- Work order -
Reproduce exactly, and only, the lines below from the one containing "6月6日(月)〜20(月)の" through the one containing "O Instituto Nacional".

- Data for processing -
----

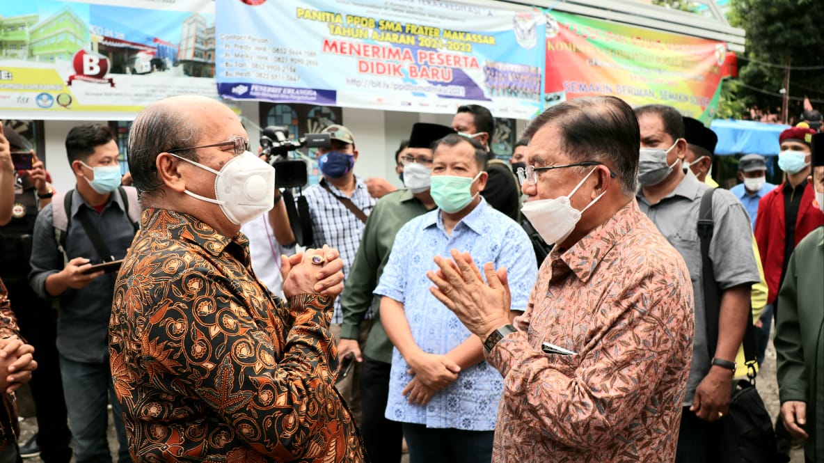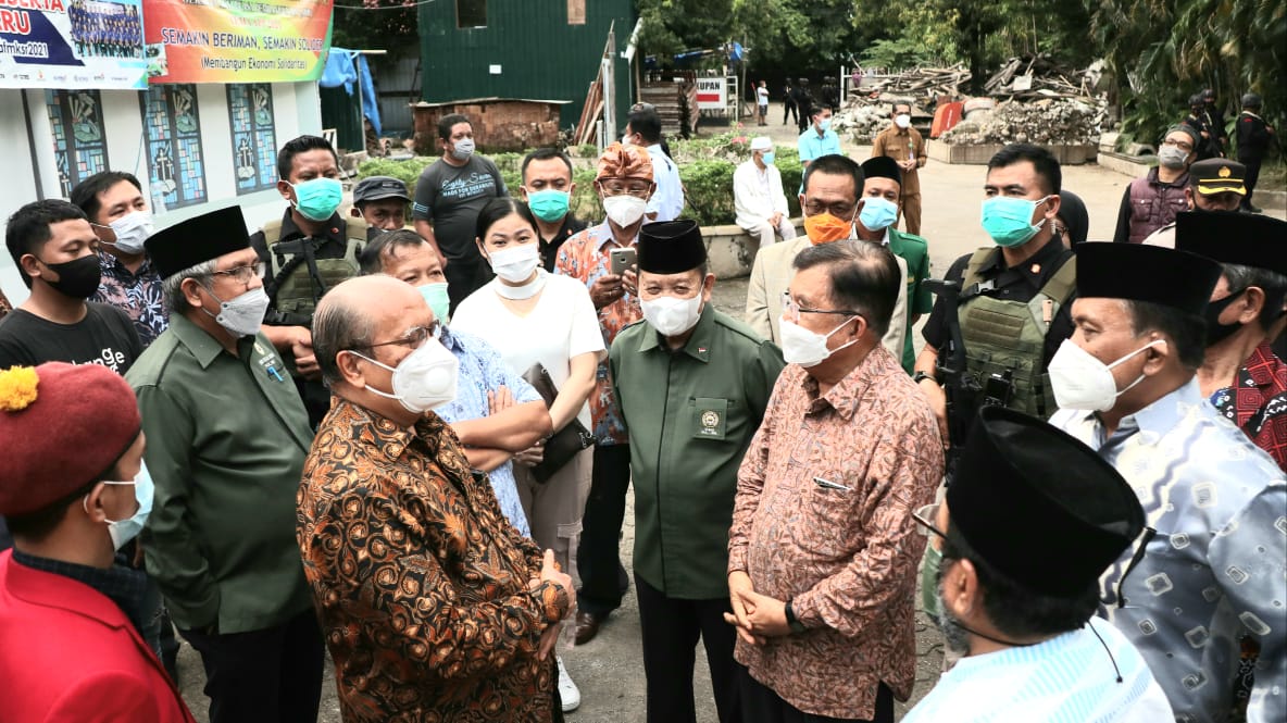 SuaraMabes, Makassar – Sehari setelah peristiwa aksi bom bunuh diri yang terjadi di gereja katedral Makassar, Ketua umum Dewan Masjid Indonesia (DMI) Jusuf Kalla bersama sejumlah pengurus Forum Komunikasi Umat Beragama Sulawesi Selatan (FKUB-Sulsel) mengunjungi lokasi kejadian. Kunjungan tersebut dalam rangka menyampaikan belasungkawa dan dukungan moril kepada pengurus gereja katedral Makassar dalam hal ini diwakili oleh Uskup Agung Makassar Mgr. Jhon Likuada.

----

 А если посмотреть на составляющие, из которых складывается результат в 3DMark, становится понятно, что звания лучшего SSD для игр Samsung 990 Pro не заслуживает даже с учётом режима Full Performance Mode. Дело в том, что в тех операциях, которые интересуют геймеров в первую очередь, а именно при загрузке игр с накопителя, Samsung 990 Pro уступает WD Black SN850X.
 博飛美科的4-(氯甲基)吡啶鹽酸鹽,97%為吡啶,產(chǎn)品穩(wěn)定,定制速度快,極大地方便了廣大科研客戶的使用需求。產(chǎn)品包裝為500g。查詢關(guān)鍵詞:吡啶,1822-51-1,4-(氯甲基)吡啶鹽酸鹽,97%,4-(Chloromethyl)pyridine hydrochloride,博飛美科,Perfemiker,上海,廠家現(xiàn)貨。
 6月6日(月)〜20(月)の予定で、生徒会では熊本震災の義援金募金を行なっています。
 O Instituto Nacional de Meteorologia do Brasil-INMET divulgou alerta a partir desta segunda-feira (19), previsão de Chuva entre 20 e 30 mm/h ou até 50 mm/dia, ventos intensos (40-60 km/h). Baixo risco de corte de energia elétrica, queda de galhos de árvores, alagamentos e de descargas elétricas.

----

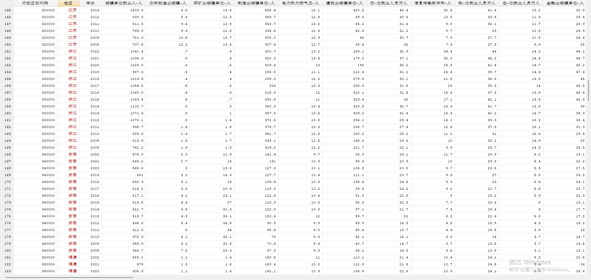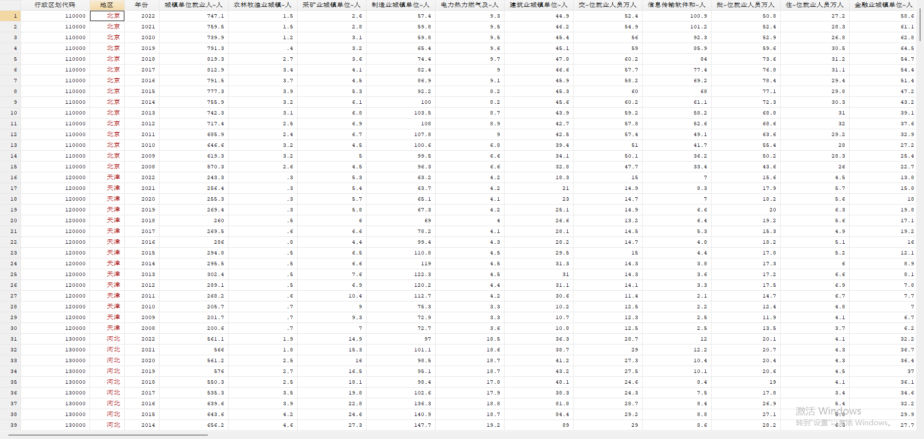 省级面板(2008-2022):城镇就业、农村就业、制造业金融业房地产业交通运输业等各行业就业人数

----

- Output of the task -
 6月6日(月)〜20(月)の予定で、生徒会では熊本震災の義援金募金を行なっています。
 O Instituto Nacional de Meteorologia do Brasil-INMET divulgou alerta a partir desta segunda-feira (19), previsão de Chuva entre 20 e 30 mm/h ou até 50 mm/dia, ventos intensos (40-60 km/h). Baixo risco de corte de energia elétrica, queda de galhos de árvores, alagamentos e de descargas elétricas.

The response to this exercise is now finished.